The Avnery-Pappe debate will take place on Wednesday, May 8th, according to the notice. See also:

English

Hebrew

My comments follow:

The public debate between Uri Avnery and Ilan Pappe is a welcome event. Uri Avnery, who was “a machine-gunner in the Samson's Foxes commando unit,” participated as a young man from Europe in the ethnic cleansing of Palestine, which Ilan Pappe has described so well in his recent book. Uri Avnery became an intrepid and tireless campaigner for a peace agreement between the State of Israel and the Palestinian leadership. Ilan Pappe is a spokesperson for the Right of Return of the Palestine refugees. The very fact that this public debate is being held is a sign of the dissatisfaction of peace activists with the old strategies and the old slogans, and an openness to new ideas, previously thought to be “beyond the pale”.

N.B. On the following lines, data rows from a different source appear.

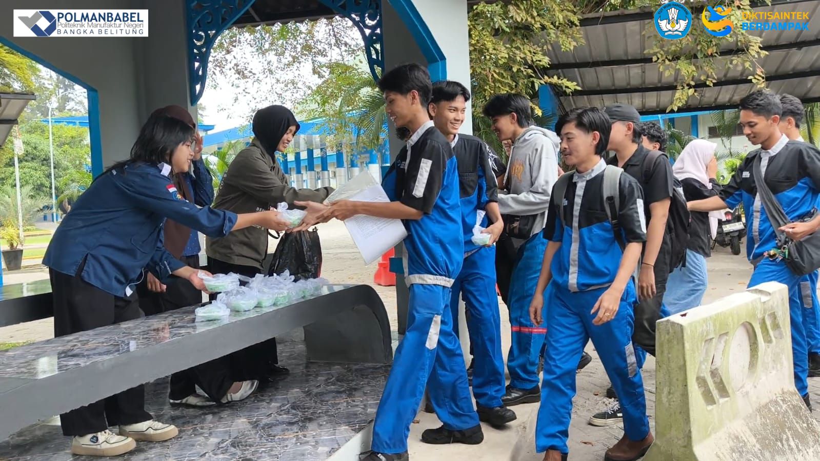 Pangkalpinang, Demokrasibabel- Pengurus Badan Eksekutif Mahasiswa (BEM) Politeknik Manufaktur Negeri Bangka Belitung (Polman Babel) menggelar aksi sosial dengan membagikan takjil kepada mahasiswa dan pengguna jalan di sekitar kampus, Senin (2/3/2026).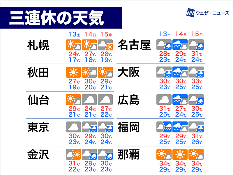 今週末の明日13日(土)から海の日の15日(月)まで3連休となります。西日本や中部では梅雨末期の大雨に注意が必要です。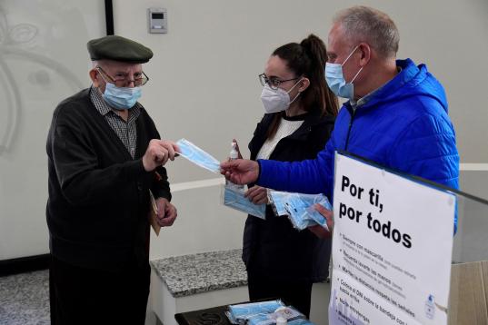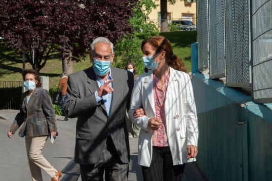 La candidata de Más Madrid, Mónica García, acompaña a su padre para ir a votar. Ella ya lo ha hecho por correo.

Unlike Avnery and Pappe, I am not today on the front lines of the struggle in Israeli-occupied Palestine. Nevertheless, I am as interested as anyone that the political debate not get bogged down in false dichotomies or in secondary issues.

Briefly put, in my view, the important issue is not the number of states, but rather the quantity and the quality of the rights enjoyed by the people. So, there needs to be a discussion about goals. There is a no less important discussion about the slogans, the immediate demands, and the transitional demands, that form part of the strategic bridge to get from here to there.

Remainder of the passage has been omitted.